Collected data:
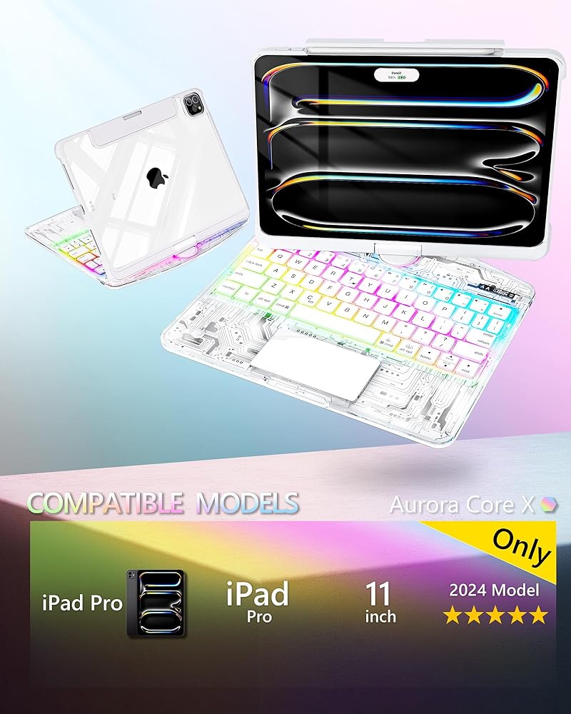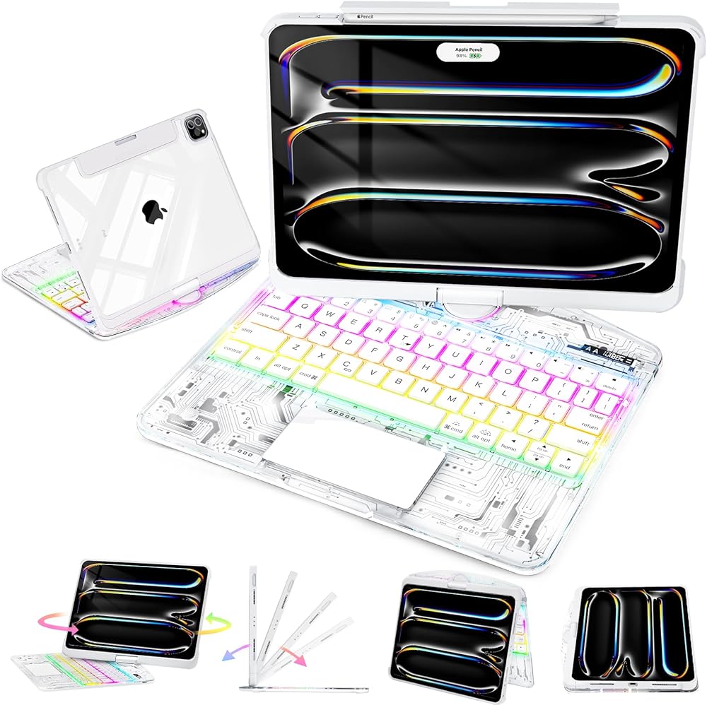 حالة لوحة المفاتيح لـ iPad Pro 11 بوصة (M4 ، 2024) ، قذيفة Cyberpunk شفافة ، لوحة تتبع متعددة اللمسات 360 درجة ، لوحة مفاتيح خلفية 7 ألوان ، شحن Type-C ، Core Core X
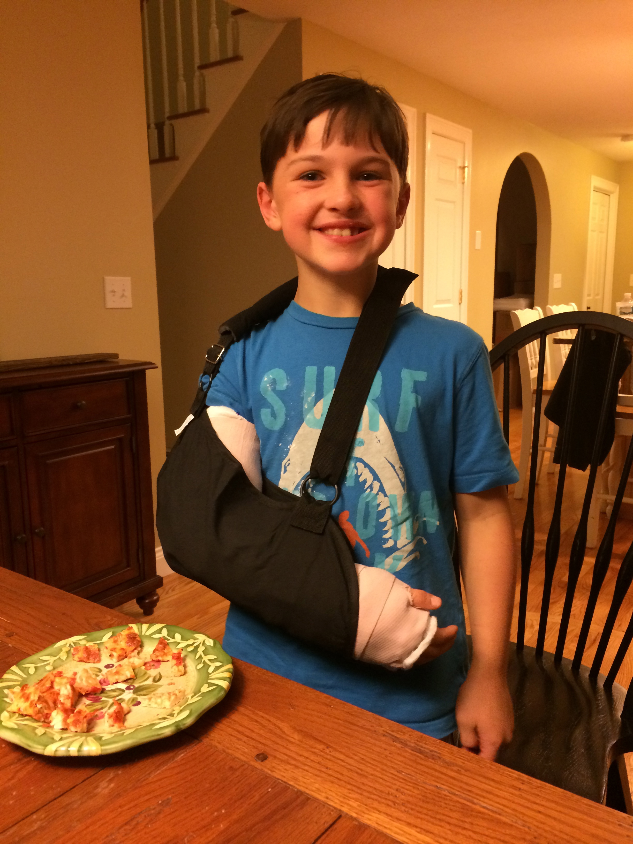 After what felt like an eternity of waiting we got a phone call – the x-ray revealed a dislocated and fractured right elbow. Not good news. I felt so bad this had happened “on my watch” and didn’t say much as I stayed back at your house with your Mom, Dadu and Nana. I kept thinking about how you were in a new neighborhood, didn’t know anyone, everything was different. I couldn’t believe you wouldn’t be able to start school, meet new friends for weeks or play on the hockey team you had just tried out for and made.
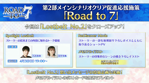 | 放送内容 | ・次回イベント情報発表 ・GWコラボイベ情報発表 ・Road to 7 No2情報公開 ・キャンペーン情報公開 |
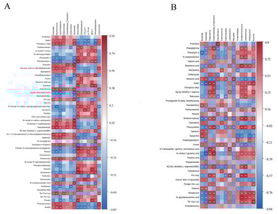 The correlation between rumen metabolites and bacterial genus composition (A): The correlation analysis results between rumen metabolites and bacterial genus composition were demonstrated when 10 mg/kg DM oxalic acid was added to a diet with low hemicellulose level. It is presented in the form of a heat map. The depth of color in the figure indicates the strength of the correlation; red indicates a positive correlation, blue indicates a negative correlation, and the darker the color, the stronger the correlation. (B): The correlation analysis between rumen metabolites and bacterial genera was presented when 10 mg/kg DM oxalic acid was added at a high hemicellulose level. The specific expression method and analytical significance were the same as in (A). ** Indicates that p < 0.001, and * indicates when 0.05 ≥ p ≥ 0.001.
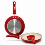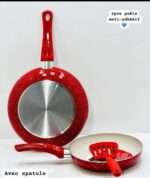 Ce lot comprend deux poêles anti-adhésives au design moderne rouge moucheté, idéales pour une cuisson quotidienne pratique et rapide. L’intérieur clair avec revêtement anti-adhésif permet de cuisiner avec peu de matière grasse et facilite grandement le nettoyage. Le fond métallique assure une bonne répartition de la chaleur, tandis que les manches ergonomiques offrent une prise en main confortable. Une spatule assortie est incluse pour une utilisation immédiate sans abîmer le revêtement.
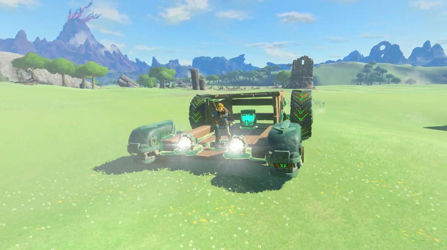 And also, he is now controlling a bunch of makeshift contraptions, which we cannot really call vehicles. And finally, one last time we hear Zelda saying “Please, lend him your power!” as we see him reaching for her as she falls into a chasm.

#### Your objective
The entries above should be retyped word for word, with all pictures omitted.

#### Written solution
 حالة لوحة المفاتيح لـ iPad Pro 11 بوصة (M4 ، 2024) ، قذيفة Cyberpunk شفافة ، لوحة تتبع متعددة اللمسات 360 درجة ، لوحة مفاتيح خلفية 7 ألوان ، شحن Type-C ، Core Core X
 After what felt like an eternity of waiting we got a phone call – the x-ray revealed a dislocated and fractured right elbow. Not good news. I felt so bad this had happened “on my watch” and didn’t say much as I stayed back at your house with your Mom, Dadu and Nana. I kept thinking about how you were in a new neighborhood, didn’t know anyone, everything was different. I couldn’t believe you wouldn’t be able to start school, meet new friends for weeks or play on the hockey team you had just tried out for and made.
 | 放送内容 | ・次回イベント情報発表 ・GWコラボイベ情報発表 ・Road to 7 No2情報公開 ・キャンペーン情報公開 |
 The correlation between rumen metabolites and bacterial genus composition (A): The correlation analysis results between rumen metabolites and bacterial genus composition were demonstrated when 10 mg/kg DM oxalic acid was added to a diet with low hemicellulose level. It is presented in the form of a heat map. The depth of color in the figure indicates the strength of the correlation; red indicates a positive correlation, blue indicates a negative correlation, and the darker the color, the stronger the correlation. (B): The correlation analysis between rumen metabolites and bacterial genera was presented when 10 mg/kg DM oxalic acid was added at a high hemicellulose level. The specific expression method and analytical significance were the same as in (A). ** Indicates that p < 0.001, and * indicates when 0.05 ≥ p ≥ 0.001.
 Ce lot comprend deux poêles anti-adhésives au design moderne rouge moucheté, idéales pour une cuisson quotidienne pratique et rapide. L’intérieur clair avec revêtement anti-adhésif permet de cuisiner avec peu de matière grasse et facilite grandement le nettoyage. Le fond métallique assure une bonne répartition de la chaleur, tandis que les manches ergonomiques offrent une prise en main confortable. Une spatule assortie est incluse pour une utilisation immédiate sans abîmer le revêtement.
 And also, he is now controlling a bunch of makeshift contraptions, which we cannot really call vehicles. And finally, one last time we hear Zelda saying “Please, lend him your power!” as we see him reaching for her as she falls into a chasm.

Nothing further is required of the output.